Women need land for insurance as they negotiate the challenges imposed by their situations, being sometimes shuttled between their place of birth and their conjugal relationships. Zimbabwe is a signatory to the 2003 Maputo Protocol to the African Commission on Human and Peoples’ Rights on Women’s Rights, which requires African states to “promote women’s access to and control over productive resources such as land and guarantee their right to property” – and also to the revised SADC Protocol on Gender and Development which contains the same commitment (article 18). The new Zimbabwean Constitution recognises men and women as equal citizens in every respect. It provides the framework for equal land rights, but does not have adequate mechanisms for implementing these provisions.
However, women’s access, ownership and control of land is determined by men. The majority of the Zimbabwe’s population live in customary tenure areas – where land is governed by patriarchal systems. As a result, men are the primary land-holders, and women negotiate access to land through their male relations – relying on fathers, brothers, husbands, uncles or male-dominated traditional authorities for land.
This means women lose out because customary tenure is the least secure for women who hold derived land rights. Land has become increasingly contested, and women are generally worst placed to (re-)negotiate agricultural land. On the other hand, men benefited more from land the land reform compared to women. According to the Ministry of Women Affairs, gender and Community Development Gender policy, under resettled land, 18% of beneficiaries of A1 land reform and 12% under A2 are women – a development which the government considers falls short of the gender parity ideal.
According to the African Institute for Agrarian Studies, (AIAS, 2016), there are also barriers to joint registration. Although land registration in resettlement areas provides for the registration of both spouses, married women’s land rights are often trampled by husbands who are reluctant to jointly register land rights. In some cases, women also perpetuate patriarchal practices by opting to register their land in the name of their son or brother.

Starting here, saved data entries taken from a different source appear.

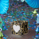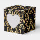 Vintage damask faux Relieve metalizado dorado y caja de favores de halloween negro.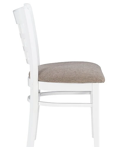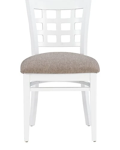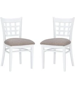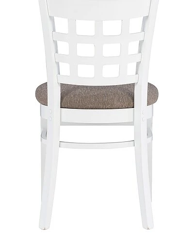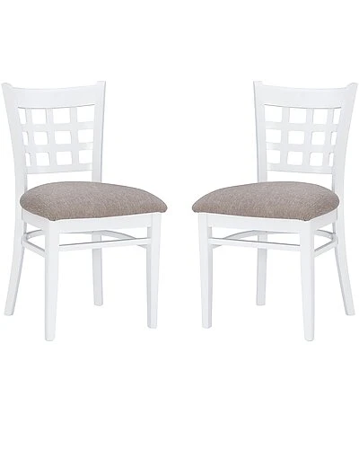 - Traditional, yet informed by modern sentiment, this farmhouse side chair is a wonderful addition to a variety of decor settings. A grid of open squares is framed by the curved back, inspired by lattice fencing of distant countrysides. The wide padded seat is upholstered with light grey polyester fabric for added comfort and easy cleaning. Made of solid beechwood for ensured strength and stability, the frame is painted white, then sealed and sanded before receiving a glossy lacquer finish. The set of two arrives fully assembled and supports up to 300 lbs each seat.
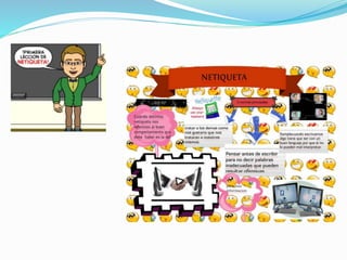 El documento ofrece consejos sobre la netiqueta correcta al comunicarse en línea, incluyendo saludar y despedirse cortésmente, usar mayúsculas, puntuación y tildes apropiadas para asegurar una buena interpretación del mensaje, y tildar siempre los verbos en tiempos pasados y futuros para evitar demoras.
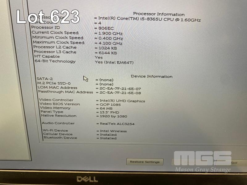 LAPTOP, DELL LATITUDE 5300, CORE i5 8365U (8TH GEN) @ 1.6GHz, 8GB DDR4 RAM, NO HDD, 13.3" WIDESCREEN (1920x1080) & POWER SUPPLY (NOTE: MARKS ON SCREEN) S/N:6TRWNW2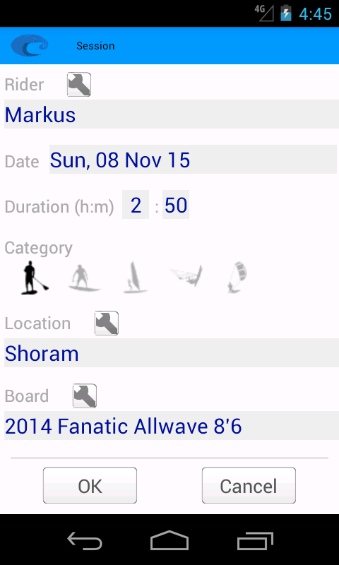Session Tracker umożliwia śledzenie wszystkich sesji windsurfingu, kitesurfingu, wingsurfingu, surfingu, SUP, WindSUP i Foilingu. Możesz dodać cały swój konkretny sprzęt, a następnie rejestrować każdą sesję, w tym warunki pogodowe, statystyki GPS i szczegóły lokalizacji.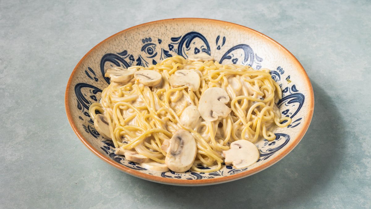 רוטב שמנת, פטריות שמפיניון ויין מוגש עם פרמז׳ן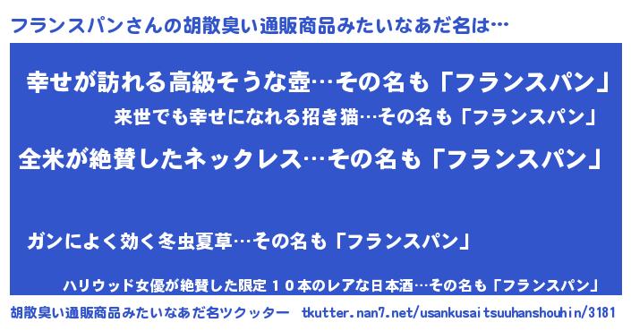 | 男性向けラノベタイトル風あだ名 | 『フランスパンの嫁は女の子じゃないと思った?』 |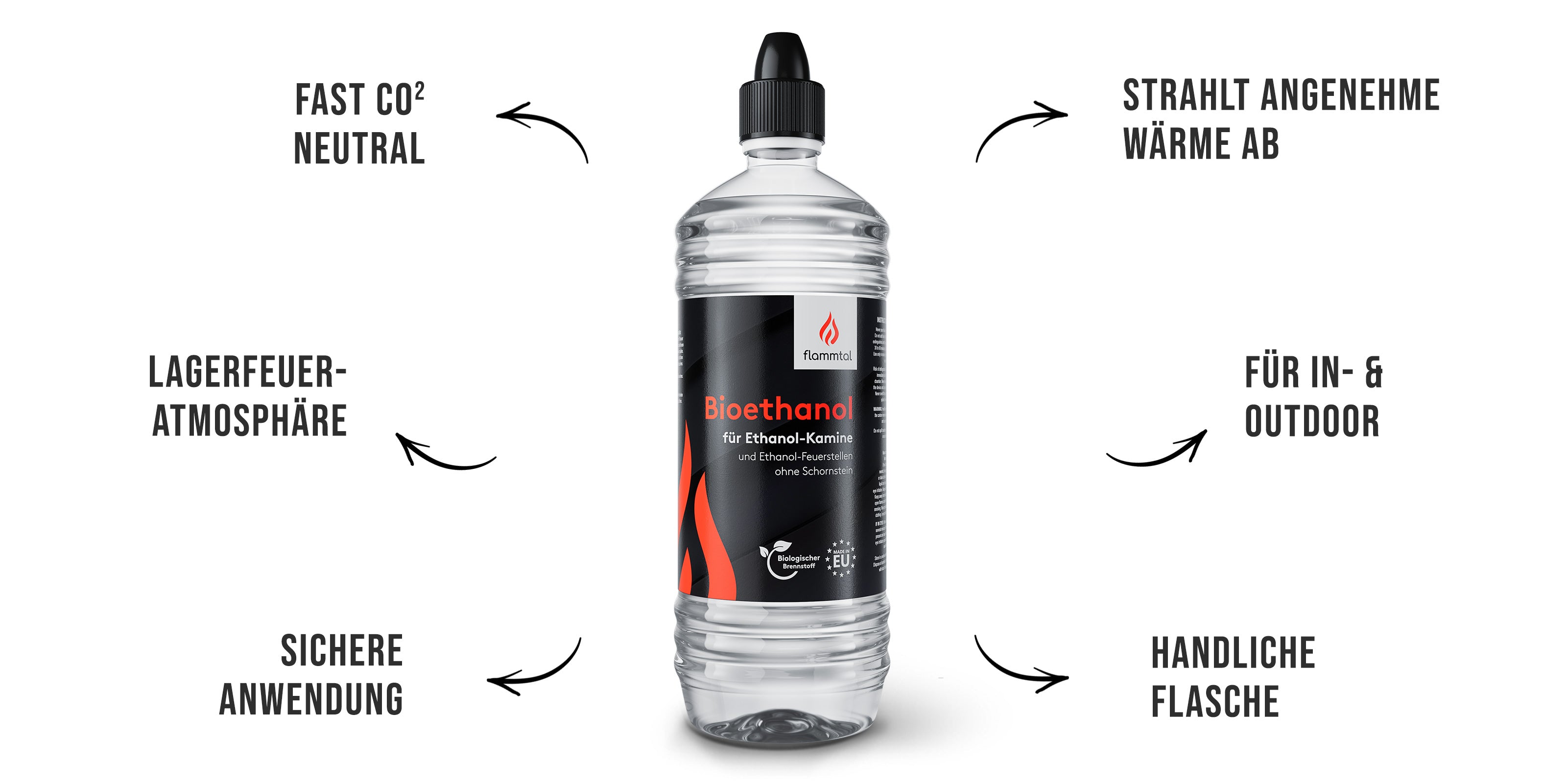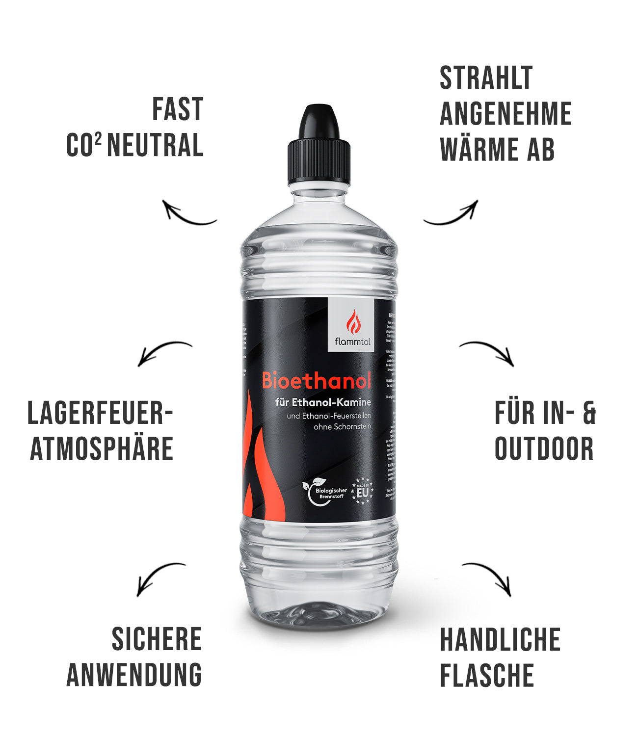 - 🔥 𝐈𝐃𝐄𝐀𝐋𝐄𝐒 𝐅𝐋𝐀𝐌𝐌𝐄𝐍𝐁𝐈𝐋𝐃 - Das flüssige Bioethanol ist ideal abgestimmt auf unsere Tischkamine und Standkamine. Außerdem erzeugt das Bio Ethanol ein wunderschönes und natürliches Flammenbild!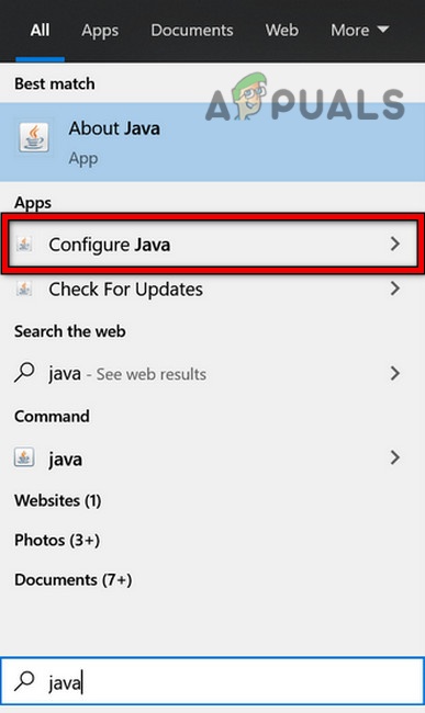 - Press the Windows key and search for Java.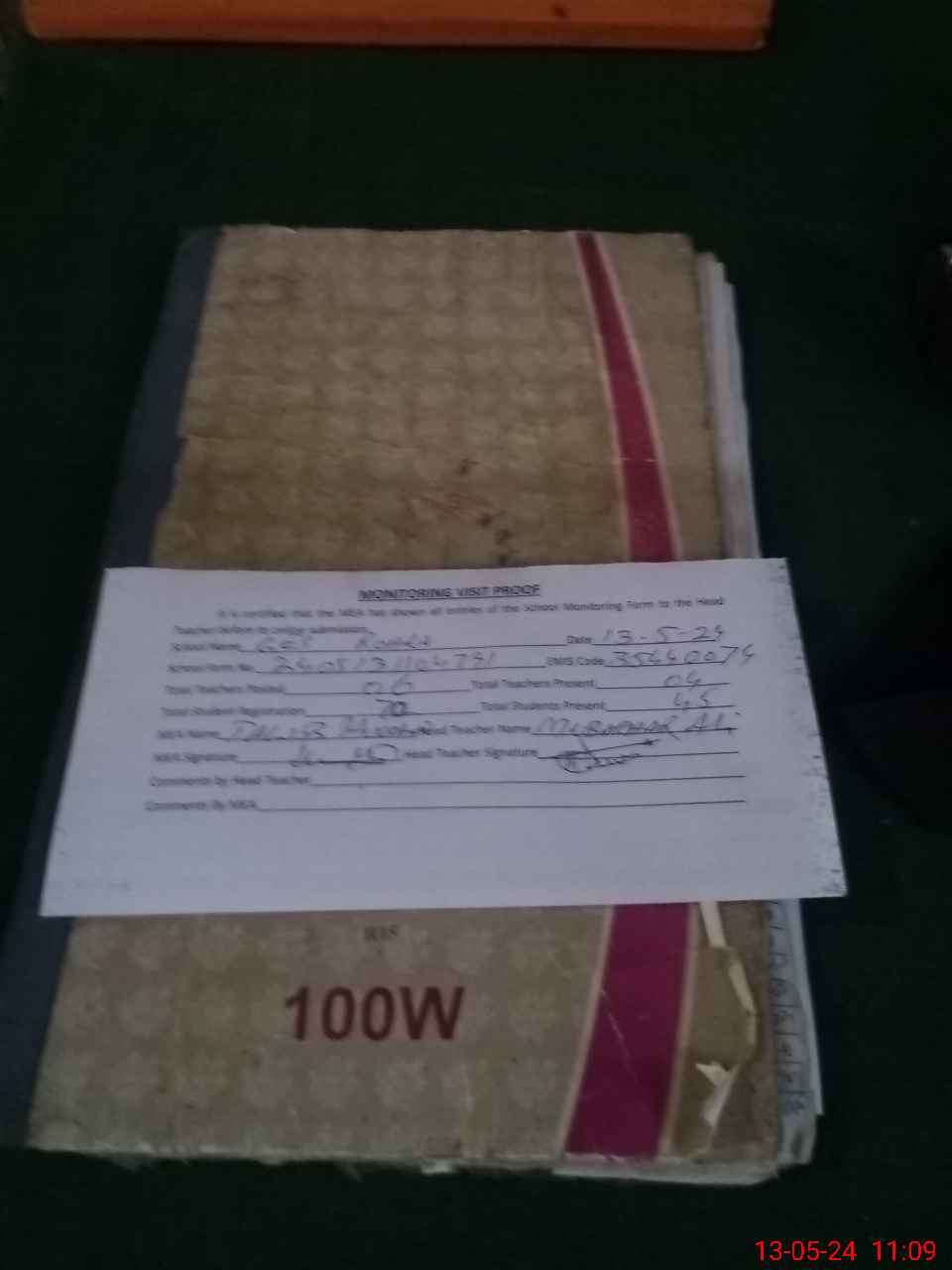 | Attendance Register | Head Teacher | MEA with School | Visit Proof |

Both men and women who gained land under the fast-track land reform programme still need to secure their land rights to facilitate for increased investment as appropriate. In addition, land conflicts disproportionately affect women: Where conflicts occur, women are ten times more likely to be targeted and to experience gender based violence and/or sexual abuse in their bid to reclaim their rights. Recent survey evidence showed that 40% of female landholders in resettlement areas continue to experience conflicts which are related to ownership of land and farm boundaries, and eviction threats from their land in comparison to 4.1% for men (AIAS, 2014). Men still dominate the means of production (livestock, seeds, chemicals, family labour, credit, agricultural equipment).
According to WARESA, extension services are not female-friendly. The majority of extension staff are still male – making it difficult for female farmers to consult the service provider due to cultural norms. The way in which most extension services are provided – i.e. on farm demonstrations – makes it difficult for women to benefit as their other household responsibilities prevent them from spending long periods of time on their farms.